Of my man’s Hungarian clan, it was only David’s aunt Judith who was known to have a penchant for extreme anthropomorphizing. Mikey, her Yorkshire terrier, was not a teacup toy accessory but a furry elfin child. I never met Mikey, but I remember the outpouring of support for Judith when her companion died unexpectedly. I also recall how quickly she sought her beloved boy’s successor, a puppy of the same make and model that she named Nicholas Alexander. Judith’s preoccupation with each of her hirsute “sons” (of which I believe there have been five) has engendered a fair amount of razzing from those around her. Even her sister, Ency, has been known to occasionally seize the opportunity to draw attention to a given Yorkshire’s evident dogginess. Which is one of the reasons I was so flummoxed to witness the way my in-laws were pampering their new pup.
Judith, with her perpetual escort scuttling at her feet, arrived later on the same afternoon as we did. An onslaught of summer rain had made the drive from her home in Philadelphia more arduous, but Judith assured us that Nikki — a lover of road trips — had helped pass the time.

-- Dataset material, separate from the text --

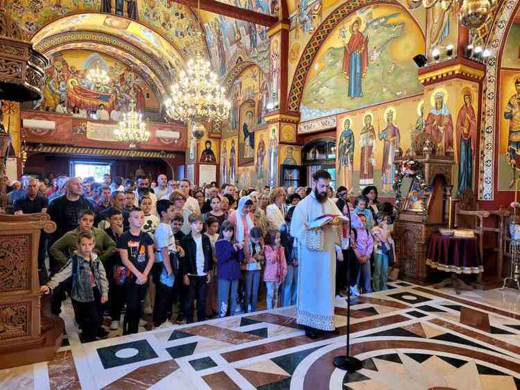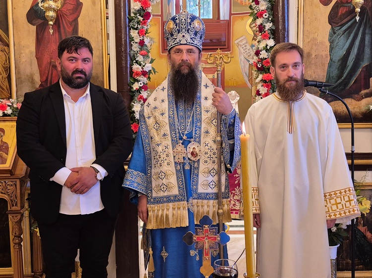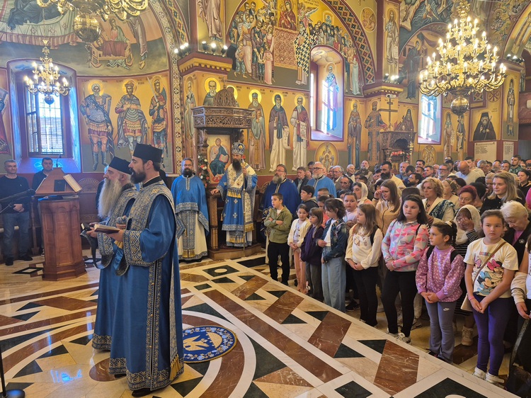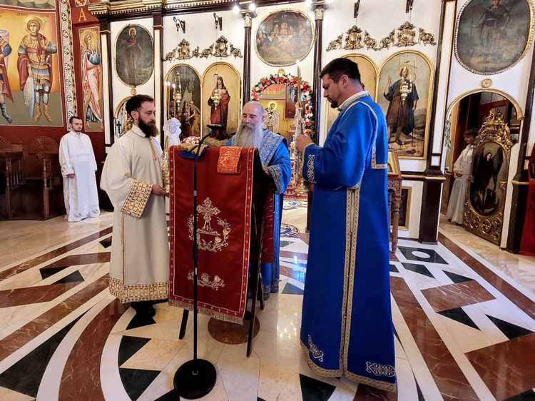 Након свете Литургије владика је благословио славске дарове, а потом повео вернике у литију око храма.
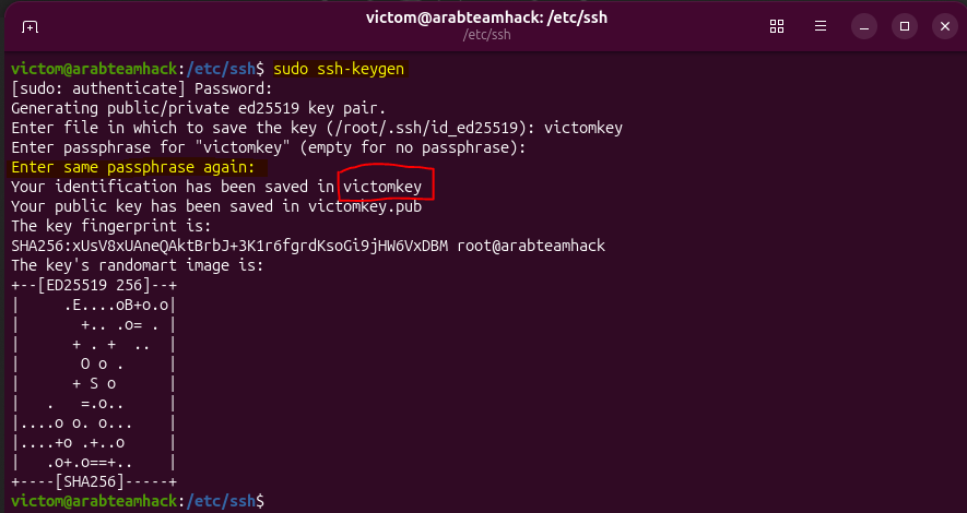يمكن إنشاء زوج المفاتيح العام والخاص باستخدام أداة ssh-keygen داخل جهاز أوبونتو. يتم أيضًا تعيين عبارة مرور (passphrase) لمفتاح id_rsa بحيث عندما يقوم المستخدم بتسجيل الدخول باستخدام المصادقة القائمة على المفتاح، سيُطلب منه أيضًا عبارة مرور. بشكل افتراضي، المسار لتخزين id_rsa و id_rsa.pub هو مجلد .ssh في الدليل الرئيسي للمستخدم، أي /home/pentest/.ssh/id_rsa.

Once inside the door, Judith paused and used a towel hanging by the entrance to wipe down each of Nikki’s paws, which had been dampened by the ten-foot sprint through the saturated grass between her car and the house. Before I had a chance to speculate as to why the towel had been there in the first place, Ency rushed forth to crouch and give Riley a rubdown from head to paw. (To mark the occasion of Judith’s arrival, the shaggy white mop of an animal had run outside yapping, tainting his tootsies in the process.)

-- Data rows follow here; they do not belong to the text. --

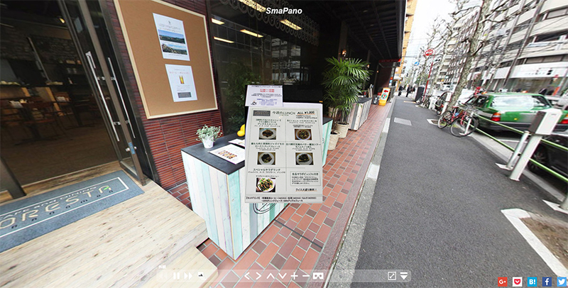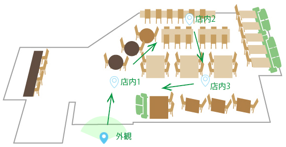 このサンプルツアーは、カフェの4か所のポイントで撮影したパノラマ画像を使用し、「外観を起点に店内1→店内2→店内3→外観へ戻る」構成です。
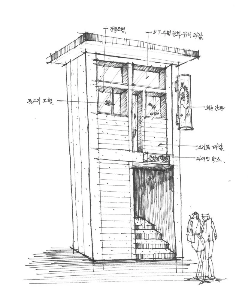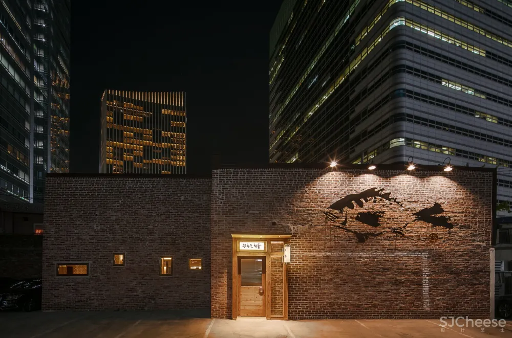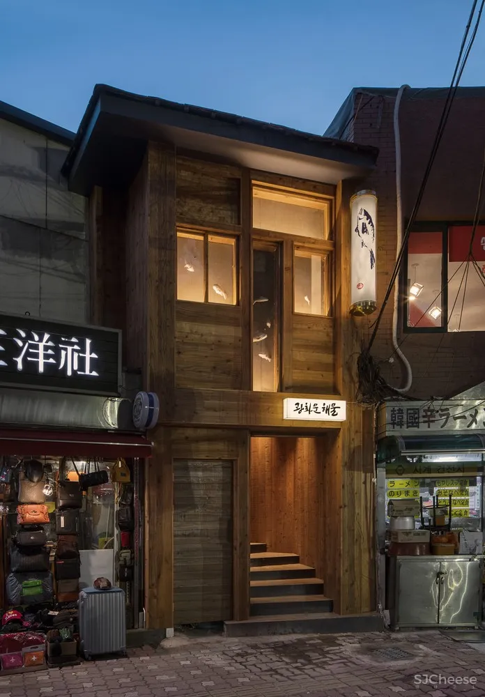 这家供应光化门海鲜的餐厅始建于1940年。我们希望光华门海鲜餐厅可以成为 Jeong-dong 区的一张名片,在这里,现代与传统共存;同时我们认为海鲜餐厅在20世纪40年代既是现代的也是当代的。所以在我们开始打造传统的空间形式之前, 我们首先融合木制的天花板、内部和外部使用的金属结构材料以及其他现代设计元素。
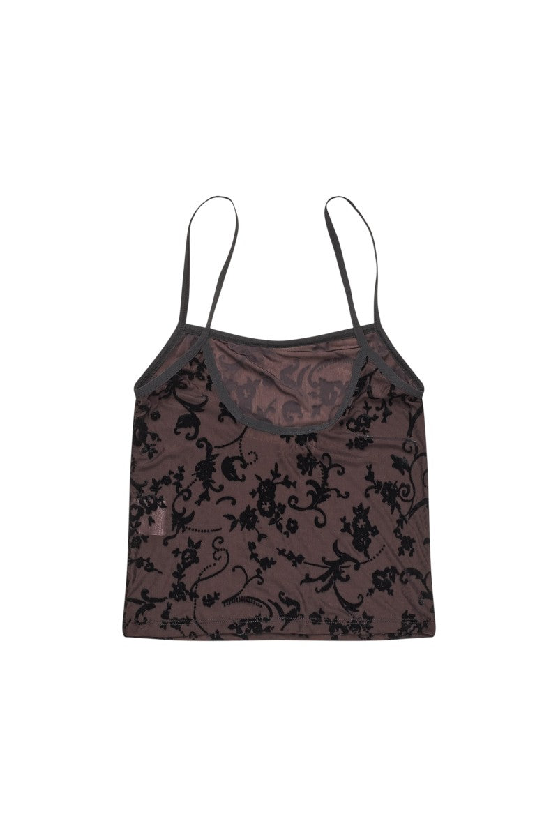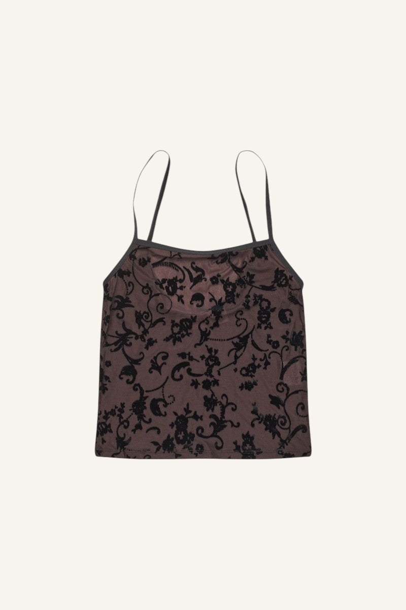 Gigi Top from KerneMilk now in a dark brown mesh quality. This top has a tight fit with a deep back. It comes with thin black elastic straps. The top features an all-over black floral burn-out print. Style with the reversed Wonder pants or the Sascha skirt for a cool set.
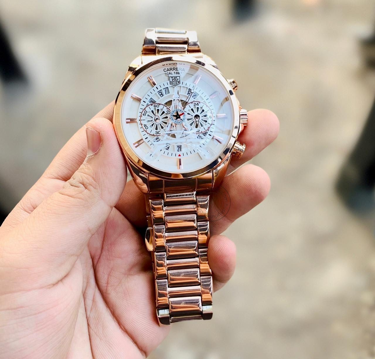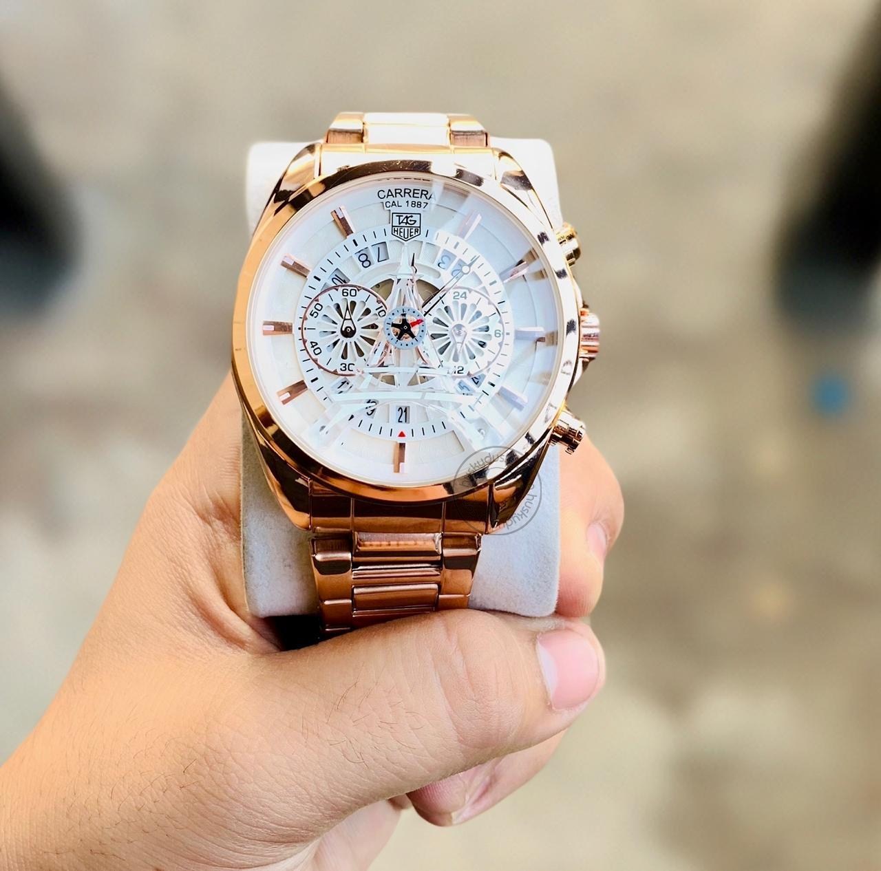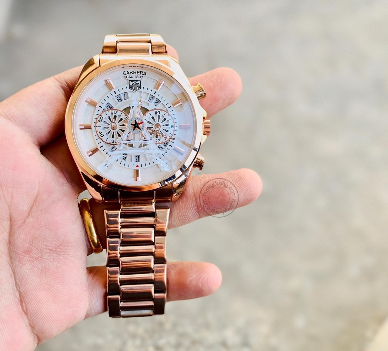 Tag Heuer Carrera Caliber Eiffel Tower Edition Car-IT-687 Rose Gold Chain Chronograph White Dial Stainless Steel Men's Watch For Man - Gift
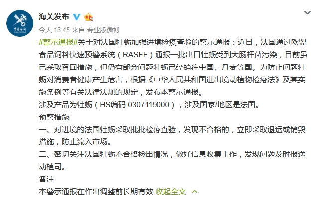 海關總署警示通報稱,近日,法國通過歐盟食品飼料快速預警系統(RASFF)通報一批出口牡蠣受到大腸桿菌污染,目前雖已采取召回措施,但仍有部分問題牡蠣已經銷往中國、丹麥等國。
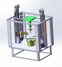 首先对菠萝的切割,我们选用的是旋转切割法,由于菠萝大致呈现的是椭圆柱型,所以我们将刀具与机架用一弹簧连接,如此当刀具切到不同半径的菠萝时,总会切去其薄薄的一层外皮,在最大程度上减少了果肉的浪费。其次是对菠萝去眼的操作,由于菠萝眼是按照一定的倾斜方向进行排列,所以我们的刀具斜放,在去眼过程中,降低菠萝的旋转速度和刀具的下降速度,如此可对菠萝眼实现螺旋式切割。最后切割完成后,最上方的切块装置经由螺旋杆下落实现切块操作。在切削过程中,其掉落的果皮果屑由机械底部的收集装置进行收集,加强环保措施。
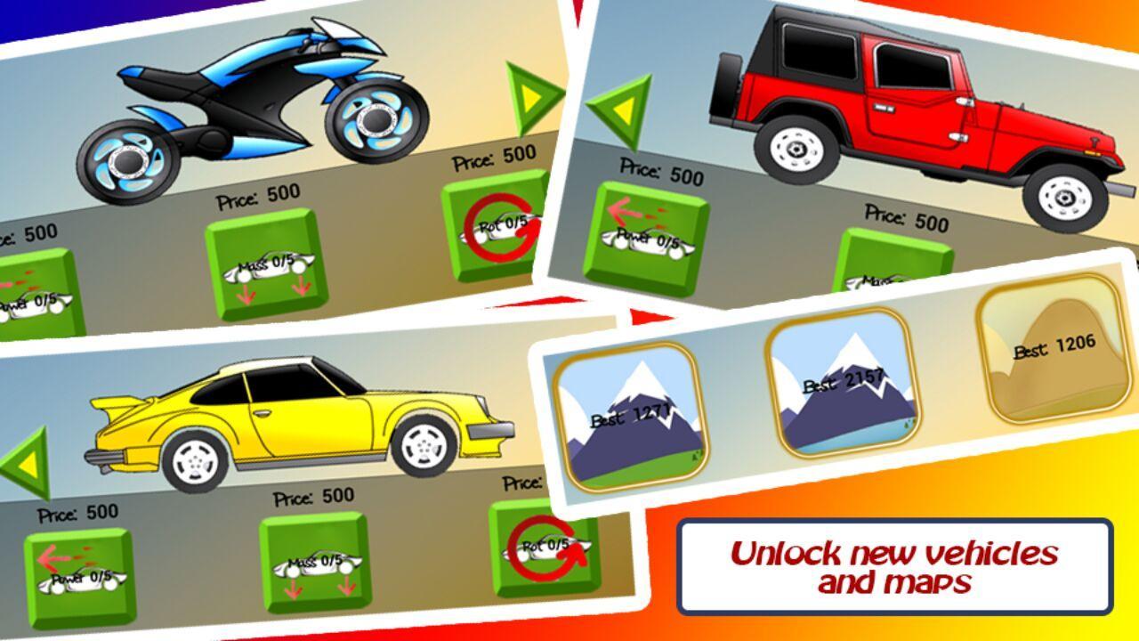 Crazy Hill Race 2015 안드로이드 폰이나 태블릿에서 플레이 할 수있는 간단하면서도 매우 흥미로운 게임입니다. 이 물리학 기반 언덕 등반 경주 게임이 당신의 관심을 끌고 여가 시간을 모두 먹으며 결코 놓지 않을 것이기 때문에이 게임의 매우 중독성있는 특성을 조심하십시오! 자신과 친구들이 플레이하여 잠금을 해제 할 수있는 다양한 자동차와 무대에서 최고의 점수를 얻기 위해 경쟁하는 데 도전하십시오. 당신의 길에 흩어져있는 동전을 모으고, 미친 점프와 트릭을 한 다음, 돈을 사용하여 타는 것을 속이고 더 나아가십시오.

At the dinner table, Ency, Robert, and Judith spoke as many words to the pooches milling about under our chairs as they did to each other. At one point, while in the middle of answering a question posed by David, Judith suddenly turned her head to the floor at her side and said, in her Hungarian-accented drawl, “Listen, you little beggar, doesn’t your mother feed you?” In response to his monarch’s attention, Nikki pogo’d on his hind legs four or five times, his head appearing over the edge of the table, disappearing, appearing again, and so on, until he gained enough momentum to propel himself high enough to land on Judith’s lap. With the creature in plain view, the thread David had begun to weave into desirable discourse was dropped, and the table-talk turned dog, infusing David’s elders with a youthful exuberance.
To illustrate their assertion that Riley doesn’t care for playing, Robert and Ency explained how, at a neighbor’s party, Riley snubbed another pup’s attempts to engage him. This prompted Judith to expound upon Nikki’s enthusiasm for fetching toys. After the comparison of preferred puppy leisure activities came a chain of anecdotes featuring sleeping schedules and eating habits.

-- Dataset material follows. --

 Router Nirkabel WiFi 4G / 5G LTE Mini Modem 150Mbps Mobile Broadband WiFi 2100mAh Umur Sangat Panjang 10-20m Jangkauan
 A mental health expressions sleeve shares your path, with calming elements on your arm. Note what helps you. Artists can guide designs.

While the others were caught up in an especially ardent moment of dog-parent bonding, I turned to David and said, “Remind you of anything?” I was referring to a few select visits we’d had with my family that — in the course of our nightly musings — we’d concluded had been blighted by baby-centricity.
“Yeah,” David whispered back while everyone else at the table was preoccupied with the adorability Riley had achieved — his ear had flopped into an unnatural position over the top of his head after he’d gone to town scratching at what was likely some kind of insect infestation. “But at least babies actually are people.”
I thought of the dog owners I know and realized that most don’t discipline their pets so much as attempt to reason with them. My friend Skye once took 20 minutes (during a soiree she was hosting) to admonish her pups before lecturing them on the merits of good manners. Rosa and Josue use biscuits to bargain with their furry boy, Chucho, a mini schnauzer for whom they purchase clothes at Baby Gap. Ency and Robert actually seem to expect answers after querying Riley. And Judith, leading the pack, concentrated all her maternal instincts onto a son so small she can carry him in her purse.
As much fun as it is to mock, a part of me is envious of these puppy-parent relationships. I too would someday like to keep a hairy confidant, to have a devoted follower. I thought how wonderful it would be to have a living being whose sole purpose in life is to love me, without question.